個人的には、ハエをばしばし叩く“ハエたたき”(ハエの登場の仕方が『ギャラガ』っぽい!)と、画面の指定された形に絵の具を塗るとそれが絵になって動く“ペイント”(PS Move同発の『Beat Sketch!』っぽい)がおもしろかった。あと、画面に手前に向かって行進してくるロボットの体に表示されたモニターに位置を合わせて、電気ショック攻撃を与えて行進を阻止する“ロボットパレード”は、ロボットの体に表示されたモニター内の映像が逆さまになっていたり、回転していたりして、ちょっと意地悪なところがよかった。それと、テンポよくモグラ叩きやワニの歯磨きなどを順番にこなしていくゲームも楽しかった。

ただ、ミニゲームの種類は、正直なところやや少なく感じた。もちろん、それぞれのゲーム性がかぶらないよう絞り込んだミニゲームだけを収録しているという意図もよくわかるし、ランダムでミニゲームが出てきて遊ぶ場合、あまりに多いところから出てくるといちいちルールを覚えなくてはならない、というリスクを軽減したのでは、という想像はつく。もっとも、1日、2日で飽きることはないだろうが、何度もやっていると飽きてしまう可能性はある。

ちなみに、ウチの息子たちのお気に入りは、上の子は、ヒヨコすくい、モグラたたき、ワニの歯磨。それとヘアメイクらしい。

結論から言うと、リビングで家族や友人とリクリエーション的に遊ぶにはもってこいのソフトだと思う。ただし、ゲームを極めようとか、ひとりで遊ぶにはあまり適していない。それから、小さい子どもだけで遊ぶのも、漢字等が読めない可能性もあるので、完璧に対応しているとは言えない。が、子どもは勝手に工夫するし、すぐに覚えてしまうので、それほど心配はいらないだろう。

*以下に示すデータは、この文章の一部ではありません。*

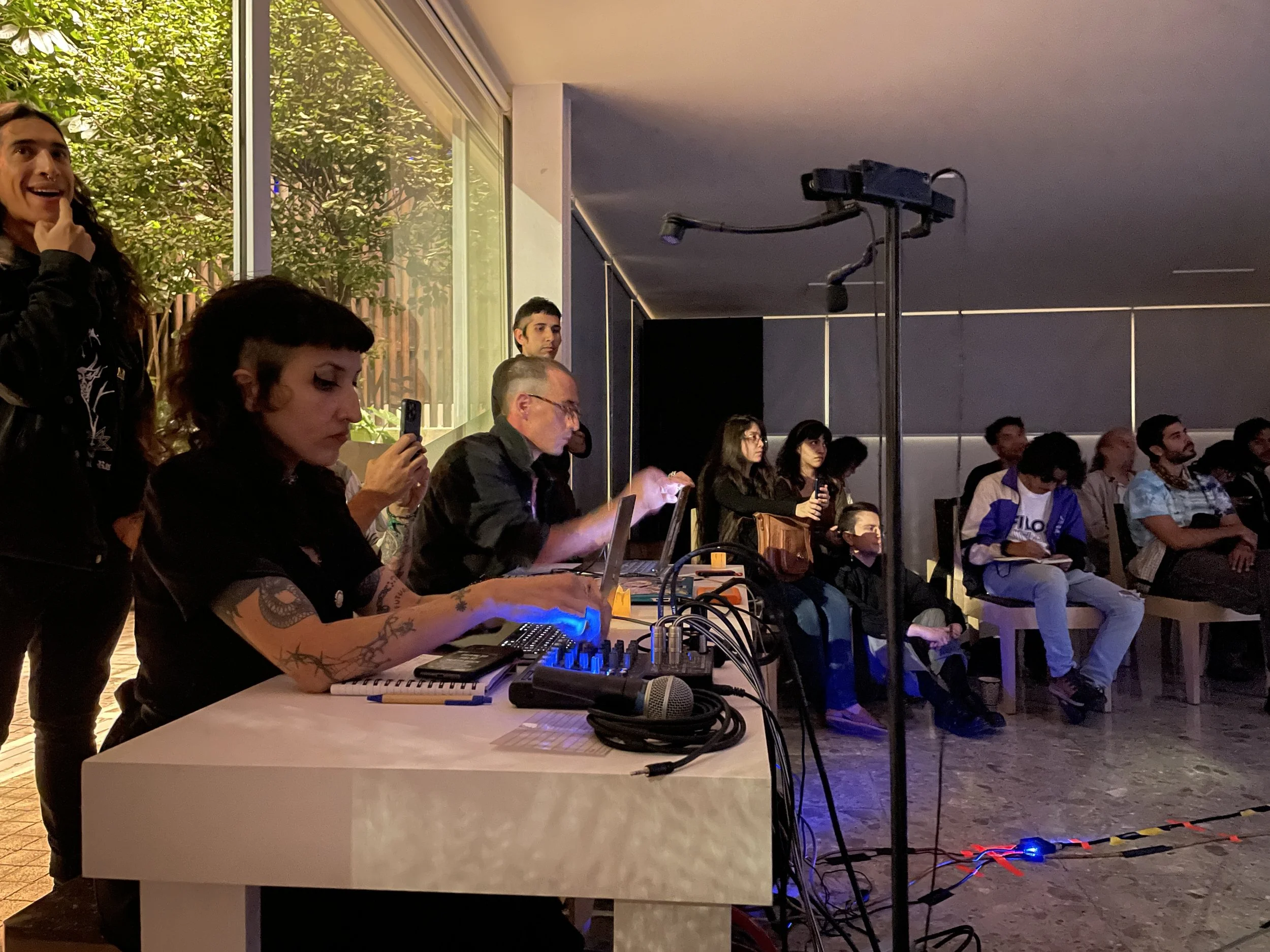 Encuentro de música, arte visual y arte sonoro que tuvo lugar el 27 de noviembre de 2024 en el Museo de Arte Carrilo Gil. Invitamos a Antonio Russek, pionero de la música electroacústica en México, a interpretar en vivo una pieza inédita para 8 canales, concebida especialmente para el espacio MACG. También contamos con la banda de improvisación libre Sindicato Dómina y un performance audiovisual que celebraba los 50 años del Museo Carrillo Gil interviniendo sobre su archivo gráfico y sonoro, diseñado por Pablo Martínez-Zárate, José-Luis Rangel y Sharon Aiza Engel, las personas detrás de La Fórmula Secreta 90.9 y Punctum Stans Studio. Completaron el programa un set de ambient por MJ Enemy en su presentación debut y una selección de vinilos por OTONO.

後日談だが、じつは土日に遊んだあと、平日に編集部でひとりで遊んでみたところ、妙に寂しい気持ちになった。大勢で遊んだあとのひとりプレイは、自分の顔を撮ったり、音声入力をしている時点で、「気恥ずかしい」し、テンションが上がらない。

この寂しさは、喧噪の後の静寂というか、まさにパーティーの後、ゲストたちが帰ってしまい、ひとりで片付けをしているかのような寂しさ、だった。が、ある意味で、パーティー後の寂しさまで再現した点が、まさにパーティーゲームなのかもしれない。